Required work: There is one span to output from the data below: the lines starting at the line with "좌회전한 길은 북항교차로까지" and ending at the line with "キッチン天端とタイルの相性も、2段ある埋め込みカウンターとの相性も抜群です。". Output it exactly, ends included, nothing more.

:: Information

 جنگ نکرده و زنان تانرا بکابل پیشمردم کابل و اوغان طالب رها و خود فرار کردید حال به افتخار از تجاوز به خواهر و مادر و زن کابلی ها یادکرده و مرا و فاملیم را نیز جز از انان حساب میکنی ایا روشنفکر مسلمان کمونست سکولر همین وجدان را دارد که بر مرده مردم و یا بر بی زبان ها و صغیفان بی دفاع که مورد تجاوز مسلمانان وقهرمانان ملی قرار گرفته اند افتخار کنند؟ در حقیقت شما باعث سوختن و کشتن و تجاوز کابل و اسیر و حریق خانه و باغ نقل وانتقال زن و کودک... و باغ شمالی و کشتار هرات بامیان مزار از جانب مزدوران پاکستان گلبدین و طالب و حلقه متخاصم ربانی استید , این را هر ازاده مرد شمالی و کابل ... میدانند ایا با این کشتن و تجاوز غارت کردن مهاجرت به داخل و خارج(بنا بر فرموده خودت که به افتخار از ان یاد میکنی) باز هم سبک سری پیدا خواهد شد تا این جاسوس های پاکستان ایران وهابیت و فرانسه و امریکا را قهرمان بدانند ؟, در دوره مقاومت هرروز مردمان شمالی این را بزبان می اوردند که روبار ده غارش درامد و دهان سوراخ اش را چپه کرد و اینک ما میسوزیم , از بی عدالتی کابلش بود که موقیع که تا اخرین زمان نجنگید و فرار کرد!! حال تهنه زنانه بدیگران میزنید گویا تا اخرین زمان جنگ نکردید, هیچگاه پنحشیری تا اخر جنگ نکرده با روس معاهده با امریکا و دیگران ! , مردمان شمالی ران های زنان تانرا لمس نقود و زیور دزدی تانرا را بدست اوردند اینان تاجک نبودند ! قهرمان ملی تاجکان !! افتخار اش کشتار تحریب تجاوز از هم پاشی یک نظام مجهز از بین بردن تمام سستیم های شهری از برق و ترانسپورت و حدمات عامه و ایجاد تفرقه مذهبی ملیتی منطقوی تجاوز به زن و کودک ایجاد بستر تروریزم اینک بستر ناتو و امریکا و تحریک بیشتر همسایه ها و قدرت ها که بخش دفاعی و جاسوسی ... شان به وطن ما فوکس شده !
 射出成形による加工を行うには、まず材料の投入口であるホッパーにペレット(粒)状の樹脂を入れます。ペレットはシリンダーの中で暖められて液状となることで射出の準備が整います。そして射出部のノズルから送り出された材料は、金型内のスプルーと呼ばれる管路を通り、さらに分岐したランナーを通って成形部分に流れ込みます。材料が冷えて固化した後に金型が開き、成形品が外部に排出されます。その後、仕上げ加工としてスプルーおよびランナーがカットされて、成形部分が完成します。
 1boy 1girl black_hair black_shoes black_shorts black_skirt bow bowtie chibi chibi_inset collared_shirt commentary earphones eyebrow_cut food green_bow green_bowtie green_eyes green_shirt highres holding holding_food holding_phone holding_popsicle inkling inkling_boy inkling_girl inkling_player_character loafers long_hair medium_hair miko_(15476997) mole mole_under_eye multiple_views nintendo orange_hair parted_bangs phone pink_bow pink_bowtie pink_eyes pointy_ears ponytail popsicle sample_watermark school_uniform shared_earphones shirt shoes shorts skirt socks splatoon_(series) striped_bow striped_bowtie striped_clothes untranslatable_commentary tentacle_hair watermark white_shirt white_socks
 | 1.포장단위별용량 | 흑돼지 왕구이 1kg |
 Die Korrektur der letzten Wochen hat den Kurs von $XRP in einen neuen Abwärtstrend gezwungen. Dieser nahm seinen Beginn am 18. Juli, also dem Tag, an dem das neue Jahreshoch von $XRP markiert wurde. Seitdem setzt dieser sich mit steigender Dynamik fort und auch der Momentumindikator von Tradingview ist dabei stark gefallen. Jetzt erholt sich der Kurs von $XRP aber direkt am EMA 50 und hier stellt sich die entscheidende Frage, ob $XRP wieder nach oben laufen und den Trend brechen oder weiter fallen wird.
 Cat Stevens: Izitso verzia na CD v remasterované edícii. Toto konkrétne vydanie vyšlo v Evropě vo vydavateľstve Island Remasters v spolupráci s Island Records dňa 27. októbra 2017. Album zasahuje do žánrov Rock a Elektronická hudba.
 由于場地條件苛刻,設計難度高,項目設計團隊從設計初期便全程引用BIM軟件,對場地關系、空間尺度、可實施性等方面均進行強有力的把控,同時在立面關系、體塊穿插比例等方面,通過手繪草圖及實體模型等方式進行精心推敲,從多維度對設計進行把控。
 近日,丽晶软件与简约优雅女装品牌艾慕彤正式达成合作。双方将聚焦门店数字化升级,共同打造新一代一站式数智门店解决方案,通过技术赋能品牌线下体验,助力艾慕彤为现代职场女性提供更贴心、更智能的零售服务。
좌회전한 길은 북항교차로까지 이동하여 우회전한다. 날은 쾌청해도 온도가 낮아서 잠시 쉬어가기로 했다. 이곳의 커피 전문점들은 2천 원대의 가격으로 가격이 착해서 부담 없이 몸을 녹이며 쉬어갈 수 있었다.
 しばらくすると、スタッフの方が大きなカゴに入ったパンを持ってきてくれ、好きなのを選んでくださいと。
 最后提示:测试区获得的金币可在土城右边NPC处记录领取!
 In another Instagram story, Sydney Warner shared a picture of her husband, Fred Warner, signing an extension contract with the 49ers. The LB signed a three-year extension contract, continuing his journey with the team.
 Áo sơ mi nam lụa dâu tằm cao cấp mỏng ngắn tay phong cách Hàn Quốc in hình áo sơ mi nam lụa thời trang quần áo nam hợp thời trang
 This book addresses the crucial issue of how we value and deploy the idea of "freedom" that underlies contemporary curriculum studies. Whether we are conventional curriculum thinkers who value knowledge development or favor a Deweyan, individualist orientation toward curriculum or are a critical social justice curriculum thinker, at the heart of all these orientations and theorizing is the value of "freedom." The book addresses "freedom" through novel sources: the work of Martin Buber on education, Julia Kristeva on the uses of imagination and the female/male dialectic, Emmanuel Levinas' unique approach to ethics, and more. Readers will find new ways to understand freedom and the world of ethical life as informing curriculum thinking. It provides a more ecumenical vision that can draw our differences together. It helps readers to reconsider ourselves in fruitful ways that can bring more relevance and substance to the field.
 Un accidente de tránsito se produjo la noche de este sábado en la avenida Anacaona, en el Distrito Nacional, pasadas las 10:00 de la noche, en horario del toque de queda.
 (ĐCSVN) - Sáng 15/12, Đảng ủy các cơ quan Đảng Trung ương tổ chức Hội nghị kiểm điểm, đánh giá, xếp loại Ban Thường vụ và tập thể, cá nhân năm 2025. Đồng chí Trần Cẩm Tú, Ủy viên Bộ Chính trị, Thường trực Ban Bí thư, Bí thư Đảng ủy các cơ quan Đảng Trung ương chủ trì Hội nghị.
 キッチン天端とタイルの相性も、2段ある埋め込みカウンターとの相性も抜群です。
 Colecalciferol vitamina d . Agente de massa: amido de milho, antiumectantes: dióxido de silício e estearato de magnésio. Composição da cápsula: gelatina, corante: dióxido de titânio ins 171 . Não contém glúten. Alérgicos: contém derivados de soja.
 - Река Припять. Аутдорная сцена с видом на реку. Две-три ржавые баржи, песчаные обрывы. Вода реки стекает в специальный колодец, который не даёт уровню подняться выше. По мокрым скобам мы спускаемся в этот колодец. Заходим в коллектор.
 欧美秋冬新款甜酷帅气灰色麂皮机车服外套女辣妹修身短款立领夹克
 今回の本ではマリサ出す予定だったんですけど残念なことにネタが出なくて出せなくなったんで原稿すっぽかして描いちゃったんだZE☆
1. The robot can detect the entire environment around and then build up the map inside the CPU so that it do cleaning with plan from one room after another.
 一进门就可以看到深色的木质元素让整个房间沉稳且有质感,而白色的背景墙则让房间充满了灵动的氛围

::::

Solution to this exercise:
좌회전한 길은 북항교차로까지 이동하여 우회전한다. 날은 쾌청해도 온도가 낮아서 잠시 쉬어가기로 했다. 이곳의 커피 전문점들은 2천 원대의 가격으로 가격이 착해서 부담 없이 몸을 녹이며 쉬어갈 수 있었다.
 しばらくすると、スタッフの方が大きなカゴに入ったパンを持ってきてくれ、好きなのを選んでくださいと。
 最后提示:测试区获得的金币可在土城右边NPC处记录领取!
 In another Instagram story, Sydney Warner shared a picture of her husband, Fred Warner, signing an extension contract with the 49ers. The LB signed a three-year extension contract, continuing his journey with the team.
 Áo sơ mi nam lụa dâu tằm cao cấp mỏng ngắn tay phong cách Hàn Quốc in hình áo sơ mi nam lụa thời trang quần áo nam hợp thời trang
 This book addresses the crucial issue of how we value and deploy the idea of "freedom" that underlies contemporary curriculum studies. Whether we are conventional curriculum thinkers who value knowledge development or favor a Deweyan, individualist orientation toward curriculum or are a critical social justice curriculum thinker, at the heart of all these orientations and theorizing is the value of "freedom." The book addresses "freedom" through novel sources: the work of Martin Buber on education, Julia Kristeva on the uses of imagination and the female/male dialectic, Emmanuel Levinas' unique approach to ethics, and more. Readers will find new ways to understand freedom and the world of ethical life as informing curriculum thinking. It provides a more ecumenical vision that can draw our differences together. It helps readers to reconsider ourselves in fruitful ways that can bring more relevance and substance to the field.
 Un accidente de tránsito se produjo la noche de este sábado en la avenida Anacaona, en el Distrito Nacional, pasadas las 10:00 de la noche, en horario del toque de queda.
 (ĐCSVN) - Sáng 15/12, Đảng ủy các cơ quan Đảng Trung ương tổ chức Hội nghị kiểm điểm, đánh giá, xếp loại Ban Thường vụ và tập thể, cá nhân năm 2025. Đồng chí Trần Cẩm Tú, Ủy viên Bộ Chính trị, Thường trực Ban Bí thư, Bí thư Đảng ủy các cơ quan Đảng Trung ương chủ trì Hội nghị.
 キッチン天端とタイルの相性も、2段ある埋め込みカウンターとの相性も抜群です。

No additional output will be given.